Closed PolMine closed 4 years ago
The problem of processzing zero values for left and/or right context had been adressed a while ago. This unit test checks whether everywhing works as expected.
test_that(
"identity of phrase detection of decode-workflow and Cooccurrences workflow",
{
a <- corpus("GERMAPARLMINI") %>%
decode(p_attribute = "word", s_attribute = character(), to = "data.table", verbose = FALSE) %>%
ngrams(n = 2L, p_attribute = "word") %>%
pmi(observed = count("GERMAPARLMINI", p_attribute = "word"))
b <- Cooccurrences("GERMAPARLMINI", p_attribute = "word", left = 0L, right = 1L, verbose = FALSE) %>%
decode() %>%
pmi()
a_min <- subset(a, ngram_count == 5L) %>% slot("stat") %>% data.table::setorderv(cols = c("word_1", "word_2"))
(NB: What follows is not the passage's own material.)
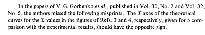 In the papers of V. G. Gorbenko etal, published in Vol. 30, No. 2 and Vol. 32, No. 5, the authors missed the following misprints. The X axes of the theoretical curves for the Σ values in the figures of Refs. 3 and 4, respectively, given for a comparison with the experimental results, should have the opposite sign.

b_min <- subset(b, ab_count == 5L) %>% slot("stat") %>% data.table::setorderv(cols = c("a_word", "b_word"))
expect_identical(nrow(a_min), nrow(b_min))
expect_identical(a_min[["word_1"]], b_min[["a_word"]])
expect_identical(a_min[["word_2"]], b_min[["b_word"]])
}
)
Not a problem if you just want to prepare term-cooccurrence matrices, but for phrase detection (bigram detection), this would be necessary.